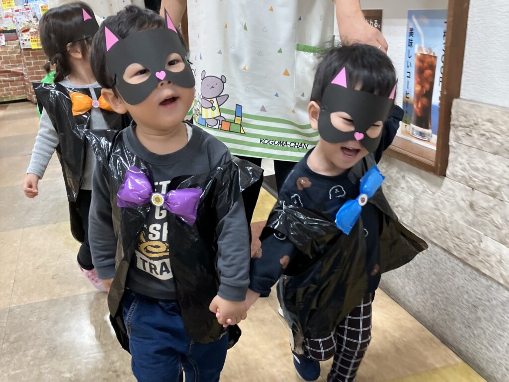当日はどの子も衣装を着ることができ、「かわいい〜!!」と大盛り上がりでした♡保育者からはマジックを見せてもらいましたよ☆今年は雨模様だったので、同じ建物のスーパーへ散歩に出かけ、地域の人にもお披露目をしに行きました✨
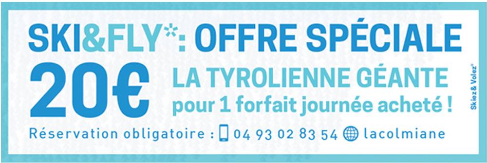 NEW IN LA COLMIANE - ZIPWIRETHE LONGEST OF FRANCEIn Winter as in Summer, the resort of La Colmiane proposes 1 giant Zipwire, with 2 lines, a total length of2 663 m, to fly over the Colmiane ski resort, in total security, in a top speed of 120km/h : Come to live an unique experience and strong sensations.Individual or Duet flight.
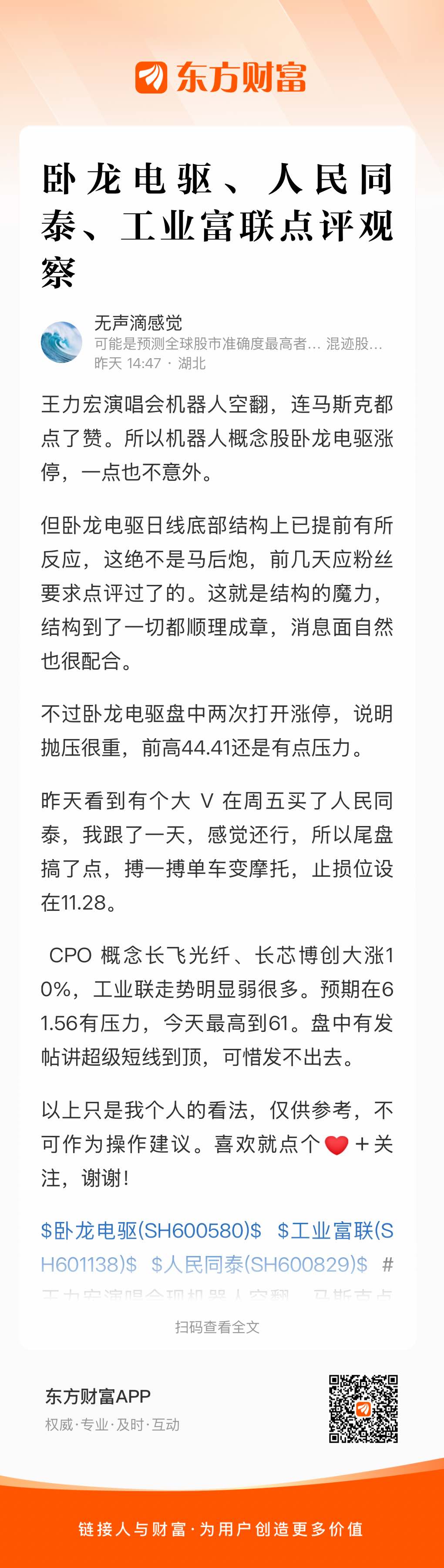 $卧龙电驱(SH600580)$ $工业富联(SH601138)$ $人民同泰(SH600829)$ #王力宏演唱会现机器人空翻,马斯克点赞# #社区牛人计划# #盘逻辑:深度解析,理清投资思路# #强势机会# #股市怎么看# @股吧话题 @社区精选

PROBLEM REQUIREMENTS
Copy each line of the material above exactly, but not the images.

RESULT
当日はどの子も衣装を着ることができ、「かわいい〜!!」と大盛り上がりでした♡保育者からはマジックを見せてもらいましたよ☆今年は雨模様だったので、同じ建物のスーパーへ散歩に出かけ、地域の人にもお披露目をしに行きました✨
 NEW IN LA COLMIANE - ZIPWIRETHE LONGEST OF FRANCEIn Winter as in Summer, the resort of La Colmiane proposes 1 giant Zipwire, with 2 lines, a total length of2 663 m, to fly over the Colmiane ski resort, in total security, in a top speed of 120km/h : Come to live an unique experience and strong sensations.Individual or Duet flight.
 $卧龙电驱(SH600580)$ $工业富联(SH601138)$ $人民同泰(SH600829)$ #王力宏演唱会现机器人空翻,马斯克点赞# #社区牛人计划# #盘逻辑:深度解析,理清投资思路# #强势机会# #股市怎么看# @股吧话题 @社区精选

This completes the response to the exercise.